As a moody, brooding entity. (“I’m gonna have to clean out these pesky humans some day.”)

I’m conflicted. I enjoy casual birding, and when I visit Hawai’i and can suddenly see many new birds, I should be thrilled. I did thrill to bright, different birds. Then I learned that virtually every bird I saw had been introduced to the islands in the past 150 years or so. It seemed none of the common ones (the birds hopping around parks and following the tourists around) could claim they were indigenous to any island in Hawaii. Still…they are quite different to commonly spotted birds where I live.


The Common Myna appeared everywhere on Hawaii and Maui.

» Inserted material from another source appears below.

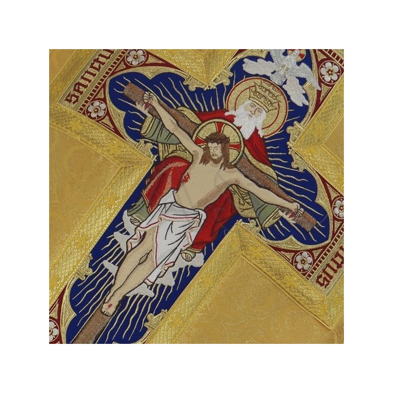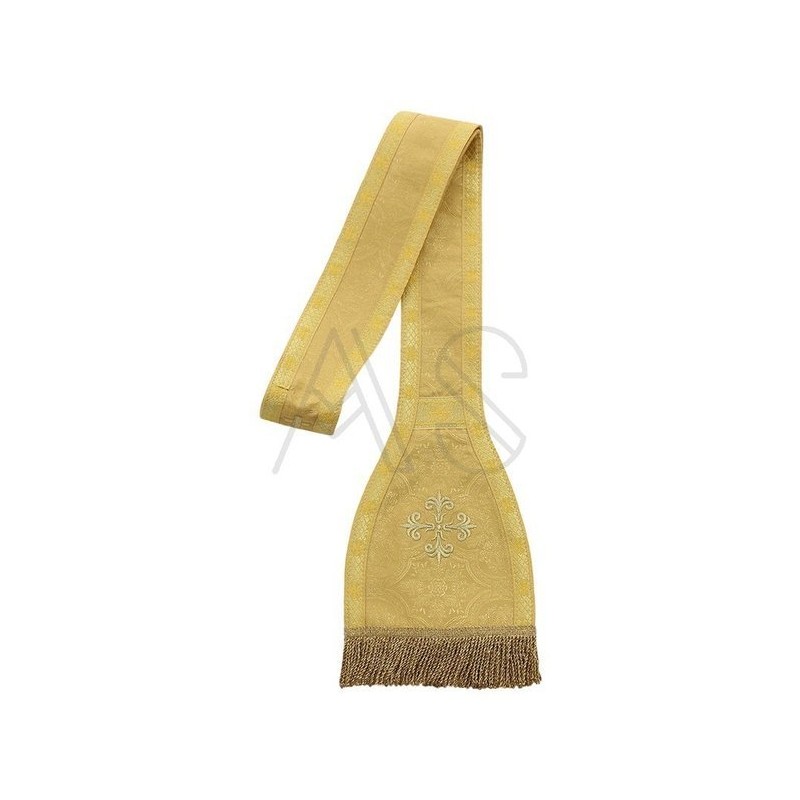 Acompanha uma estola, manípulo, bolsa corporal e véu de cálice.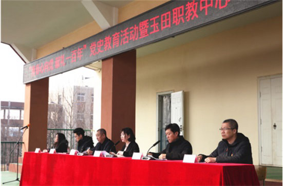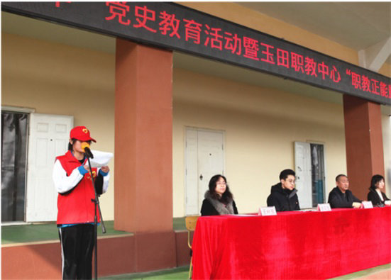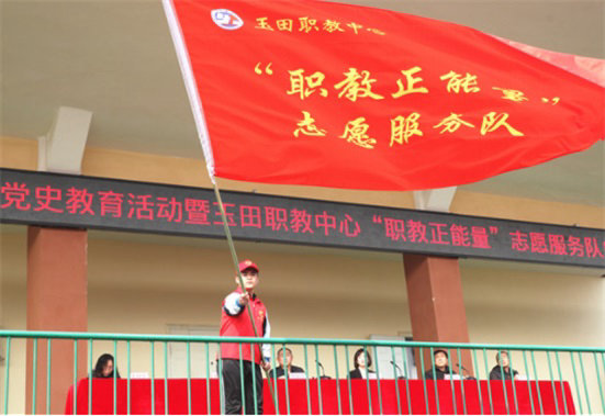 3月8日上午,我校在操场隆重举行了“青春心向党,献礼一百年”党史教育活动暨“职教正能量”志愿服务队活动启动仪式。共青团玉田县委副书记袁媛、副主任金奕金,玉田县教育局团队工作总辅导员王树芳出席,我校党总支书记、校长张铁庄,党总支委员、副校长张江,团委书记李跟升,五个专业部主任以及2700余名学生参加活动。

It’s native to Asia, but has spread so much it qualifies as “one of the world’s most invasive species,” according to the IUCN Species Survival Commission which listed it on its 100 of the World’s Worst Invasive Species (one of only three birds on it). When we first landed on the Big Island, and I heard this incessant chattering, I thought Starlings had made it to Hawai’i. It’s a noisy bird, and it looks a little bit like a Starling until you get close enough to see the yellow eye patch, the more brown body, and that it moves rapidly on the ground when it wants to.
The Saffron Finch comes from South America. It’s been on the Big Island (Hawaii) only since 1960. We only saw these in the Lili’uokalani Gardens and around our hotel, both of which are on a very small peninsula on the east edge of Hilo, Mokuako.

There are three common cardinals in Hawai’i, and none of them are native. One of them isn’t even a cardinal! We saw two: I photographed only the Yellow-billed but we also saw the Red-crested. They both originate in Brazil, but the former has a wider range into Paraguay, Bolivia, Uruguay, and northern Argentina. Thankfully we didn’t see any Northern Cardinals. I see plenty of those at home, and it would have been very depressing. Because I have no photos of the Red-crested, I’m including one from Wikimedia Commons.

My biggest consternation regarding birds wasn’t the Northern Cardinal. It was the onslaught of House Sparrows which assail one in every open restaurant, marketplace, park, and you name it. The fearless critters even hopped into our room in Hilo on several occasions….

Though we saw plenty of spotted and zebra doves (both introduced from SE Asia), I failed to take a good photo of one. It remained until we traveled to Maui before I saw a bird endemic to the Hawaiian Islands…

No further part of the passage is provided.